• **TASK TO CARRY OUT**
Pictures are not part of the copy; reproduce the remaining data exactly.

• **DATA BLOCK**
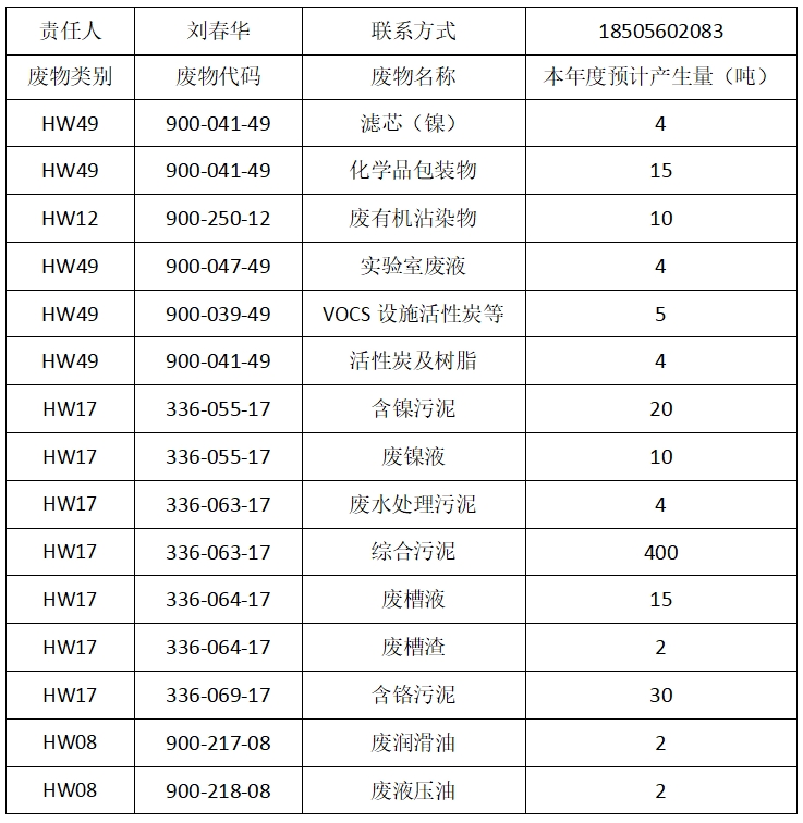 2025年度危險廢物預計產生量信息
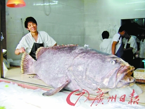 圖:東莞身長2.12米"石斑魚王"下油鍋
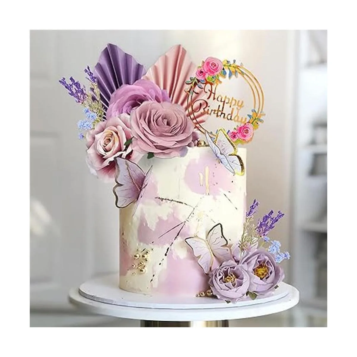 Material seguro: estas decoraciones para tartas de flores están hechas de plantas artificiales y flores de seda, mariposas vívidas y decoración bohemia para tartas están hechas de papel de alta calidad, con decoración acrílica de feliz cumpleaños para crear un estilo natural fuerte, duradero, seguro y no tóxico, y se puede reciclar después del lavado.
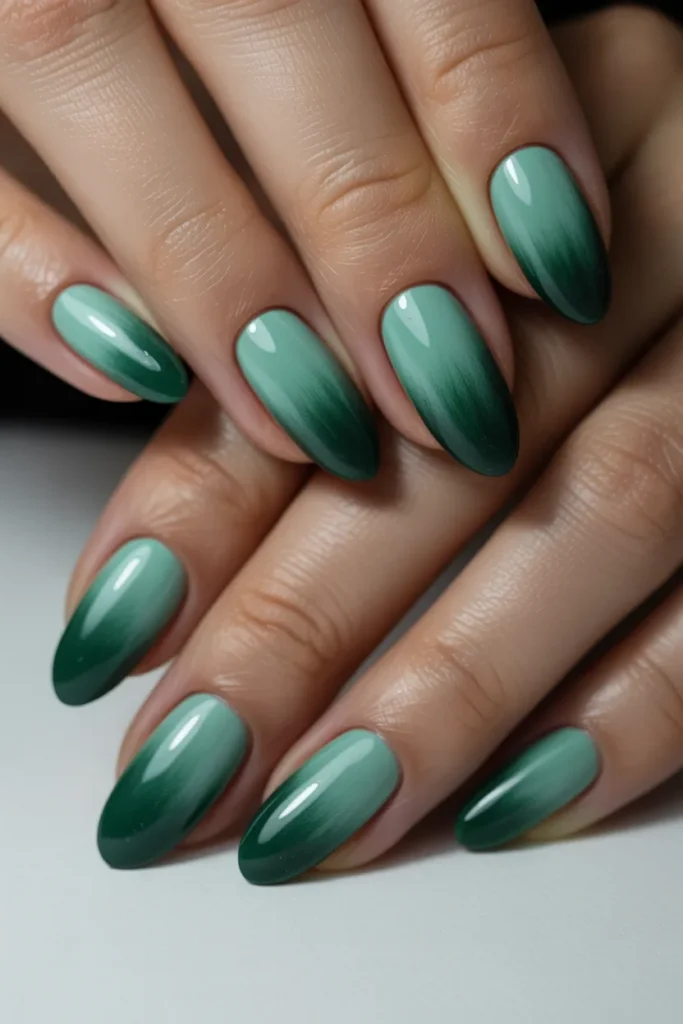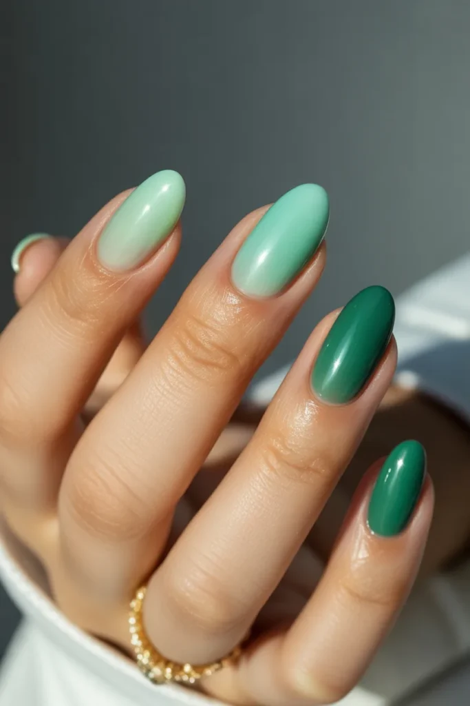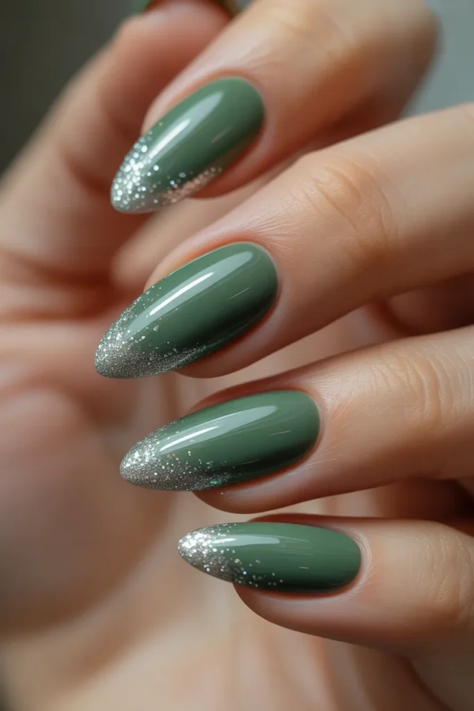A gradient of glitter over jade nails adds a dreamy, sparkling effect. The shimmer softly fades from the cuticle or tip, creating a delicate and feminine look. This versatile design works for both casual days and glamorous nights.

• **WRITTEN ANSWER**
 2025年度危險廢物預計產生量信息
 圖:東莞身長2.12米"石斑魚王"下油鍋
 Material seguro: estas decoraciones para tartas de flores están hechas de plantas artificiales y flores de seda, mariposas vívidas y decoración bohemia para tartas están hechas de papel de alta calidad, con decoración acrílica de feliz cumpleaños para crear un estilo natural fuerte, duradero, seguro y no tóxico, y se puede reciclar después del lavado.
A gradient of glitter over jade nails adds a dreamy, sparkling effect. The shimmer softly fades from the cuticle or tip, creating a delicate and feminine look. This versatile design works for both casual days and glamorous nights.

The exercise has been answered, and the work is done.